Actor Ethan Hawke is best known for his work in film, including early successes like “Reality Bites,” “Before Sunrise” and more recently, his Oscar-nominated turn in “Training Day” and the new vampire movie, “Daybreakers.” But Hawke, who’s also a writer and director, has developed a body of work well beyond the cinema, much of it in New York theater.
In recent years, he’s received praise for his roles in talented ensemble casts, including the acclaimed Tom Stoppard nine-hour trilogy, “The Coast of Utopia,” and a revival of David Rabe’s “Hurlyburly.” Hawke’s latest project is directing a major off-Broadway revival of Sam Shepard’s 1985 play, “A Lie of the Mind,” produced by the New Group.
The story of two brothers, a pair of highly dysfunctional families in the American West and a husband who mistakenly thinks he’s beaten his wife to death, “A Lie of the Mind” goes deep into Sam Shepard Territory. Male violence, sibling rivalries, the burdens of memory, the baggage of family and questions of identity are a few of the themes Shepard explores. Along the way, the eight-member cast walks a fine line between drama and humor.
For this major revival, Hawke has assembled a top-flight cast, including Laurie Metcalf, Josh Hamilton, Keith Carradine, Alessandro Nivola, Karen Young, Marin Ireland, Maggie Siff and Frank Whaley. It’s an actor’s play, to be sure, with plenty of standout moments, but Hawke has made sure it works as an ensemble effort.
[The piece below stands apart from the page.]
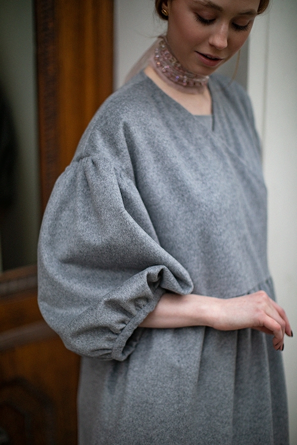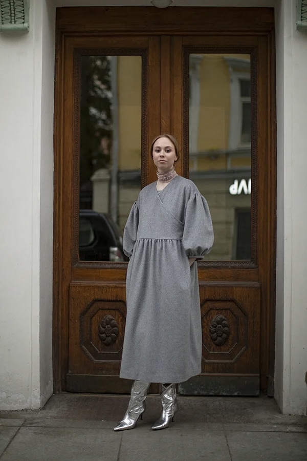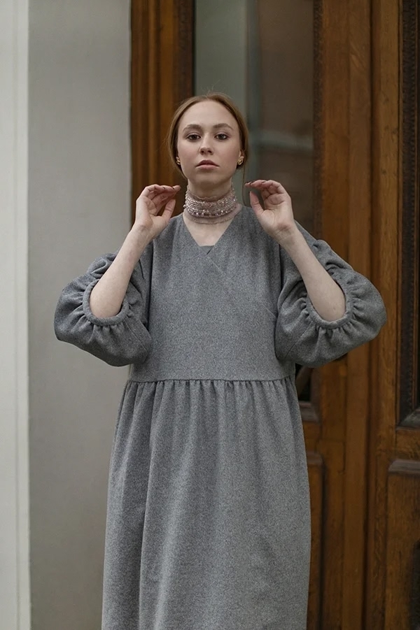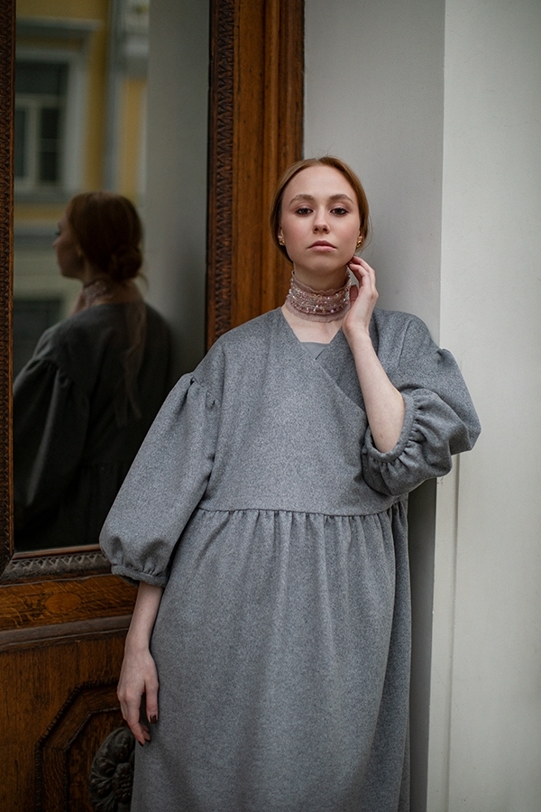 Perhaps our coat made of gray textured wool will become the outerwear that will replace the boring classic coat in your wardrobe. Flowing, romantic and... practical! You can put it on a dress when leaving the theater, and be elegant and feminine, you can wear it with jeans and a T-shirt, and the usual image will change beyond recognition, or you can just wrap yourself up beautifully in it, sitting on the veranda of a cafe.. The lining is made of leopard crepe satin. And if you put on a headdress, cover your neck with a scarf or snood and add long gloves, you can wear it up to minus 5C.

Indeed, the New York Times’ Ben Brantley writes that the production makes the case for “Lie” as Shepard’s richest and most penetrating play, providing a “blurred collective sense of self that anyone who has been part of a family is going to identify with.”
Hawke took some time this week to talk to Art Beat about his interest in the play, his approach to direction and how a 1980s PBS broadcast of Shepard’s “True West” first piqued his interest:
A transcript is after the jump.
MURREY JACOBSON: Actor Ethan Hawke is the director of the Sam Shepard play, “A Lie of the Mind,” which is now playing at the Acorn Theater in New York. Ethan Hawke, thanks for joining us here on Art Beat. Help us understand what drew you to Sam Shepard and this particular play?
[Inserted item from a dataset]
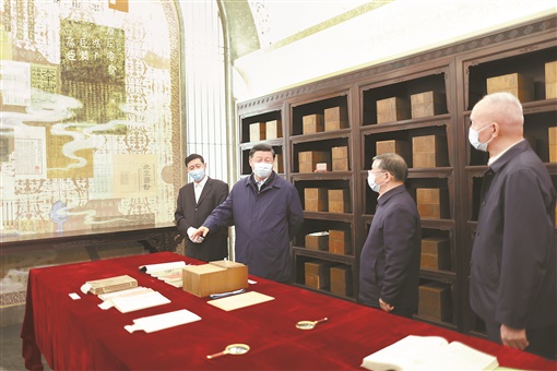 1日下午,习近平乘车来到位于北京市昌平区燕山脚下的中国国家版本馆中央总馆。中国国家版本馆主要承担国家版本资源规划协调、普查征集、典藏展示、研究交流和宣传使用职责,建有中央总馆和西安、杭州、广州分馆。习近平首先走进文华堂,听取版本馆规划建设有关情况介绍,参观国家书房、中华古代文明版本展、中国当代出版精品与特色版本展。在文瀚阁,习近平仔细察看马克思主义中国化时代化经典版本展,不时询问版本搜集整理有关情况,并登上五层露台俯瞰版本馆全貌。随后,习近平来到兰台洞库,参观“汉藏蒙满文大藏经雕版合璧”和“《四库全书》合璧”库展,详细了解馆藏精品版本保存情况。习近平强调,我十分关心中华文明历经沧桑流传下来的这些宝贵的典籍版本。建设中国国家版本馆是我非常关注、亲自批准的项目,初心宗旨是在我们这个历史阶段,把自古以来能收集到的典籍资料收集全、保护好,把世界上唯一没有中断的文明继续传承下去。盛世修文,我们这个时代,国家繁荣、社会平安稳定,有传承民族文化的意愿和能力,要把这件大事办好。我对中国国家版本馆的建成和管理是肯定的、满意的。国家版本馆的主要任务就是收藏,要以收藏为主业,加强历史典籍版本的收集,分级分类保护好。同时,要加强对收藏的研究,以便更好地做好典籍版本收藏工作。在做好主业的前提下,协助各方面做好历史典籍版本的研究和挖掘。总之,建设中国国家版本馆,是文明大国建设的基础工程,是功在当代、利在千秋的标志性文化工程。

ETHAN HAWKE: You know, something about the play’s take on the nature of reality. Ever since Marlon Brando and Elia Kazan, acting has always been about naturalism. But there’s something about this play that is not naturalistic. There is something about naturalism that is lie. You know, our lives — there’s something more going on and I feel that this play dives at that. That reality is not everything that it seems. The play is not a dream, but the play kind of tells you that your life is a dream. And I thought if I could combine what I know about naturalistic acting with something really stylized, we could make something beautiful.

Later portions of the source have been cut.